Наступила ночь. За весь этот день с неба не упало ни капли. Молодой месяц начал свой путь по небесному своду. Джунгли внезапно ожили. Закричало, умирая, какое-то животное, ему ответило наводящее ужас рычание. Инесс проснулась. До нее доносилось чье-то бормотание. Она напрягла слух. Звук исходил из того угла единственной комнаты в хижине Михаэля, где спали сам хозяин и Мишель. Ее чувства обострились. Это была молитва. Она укрепила ее веру и успокоила ее сердце, переполненное любовью.
Михаэль обращался к Господу с такими словами:
«Не удерживай, Господи, щедрот Твоих от меня; милость Твоя и истина Твоя да охраняют меня непрестанно, ибо окружили меня беды неисчислимые…»
Он вспоминал о выпавших на его долю несчастьях, о болезнях, которые чуть было не свели его в могилу, об опасностях, забравших часть его силы, о своей жизни дикого животного среди парий, о своем абсолютном и безнадежном одиночестве. Господь испытывал его ежедневно и еженощно.
«Постигли меня беззакония мои, так что видеть не могу: их более, нежели волос на голове моей; сердце мое оставило меня.

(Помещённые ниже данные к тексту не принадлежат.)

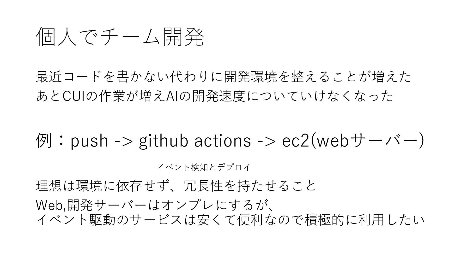 個人でチーム開発 最近コードを書かない代わりに開発環境を整えることが増えた あとCUIの作業が増えAIの開発速度についていけなくなった 例:push -> github actions -> ec2(webサーバー) イベント検知とデプロイ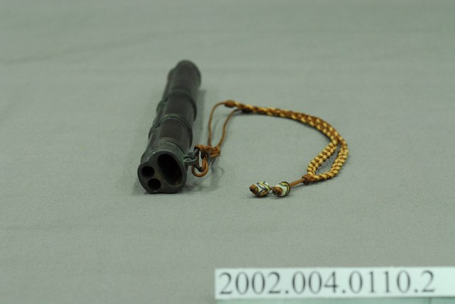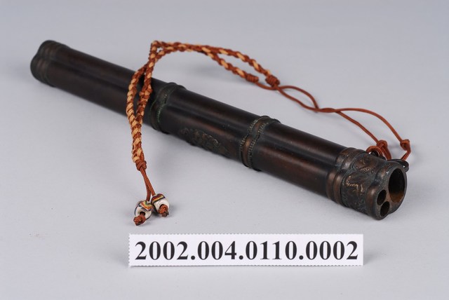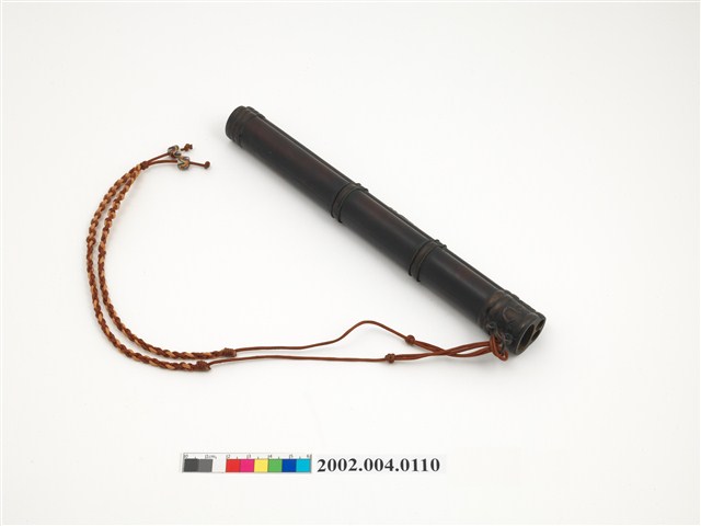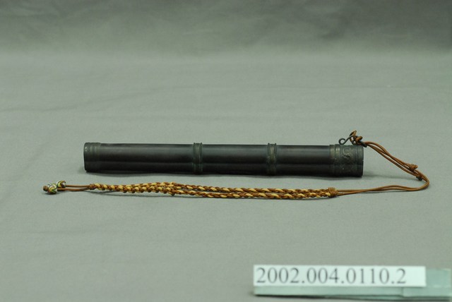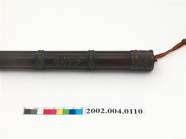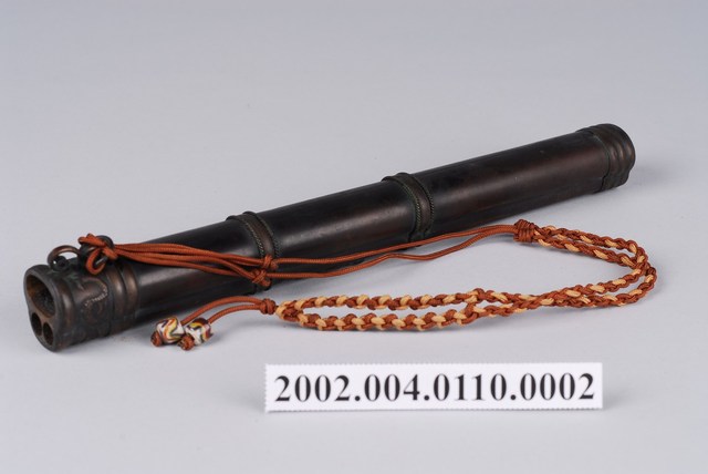 深褐色木雕刀鞘,外型呈直筒狀,內部挖鑿收納小刀及筷子之圓形插槽,外表磨製光滑,僅於頂部及中段雕刻龍紋裝飾,頂口處綁附紅黃雙色編織提帶,提帶尾端穿串2顆白底多彩琉璃珠作墜飾。

Благоволи, Господи, избавить меня; Господи! Поспеши на помощь мне».
Что до грехов, то он свершал их сотнями, и серьезных грехов. В джунглях он убил четверых мужчин. Спал с индианками, метисками и проститутками. Наслаждения возносили его на небеса, заставляли забыть о том, что некогда он поклялся хранить целомудрие. Эти наслаждения были сильней удовольствия, даруемого молитвой, и Михаэль не сопротивлялся их зову. Мысли о женской плоти терзали его разум. Вдруг он подумал о Намии, которая, должно быть, ждала его. Проснулось желание. Он сопротивлялся ему, сколько было сил, подкрепив свою добрую волю молитвой:
«Я же беден и нищ, но Господь печется о мне. Ты — помощь моя и избавитель мой, Боже мой! Не замедли.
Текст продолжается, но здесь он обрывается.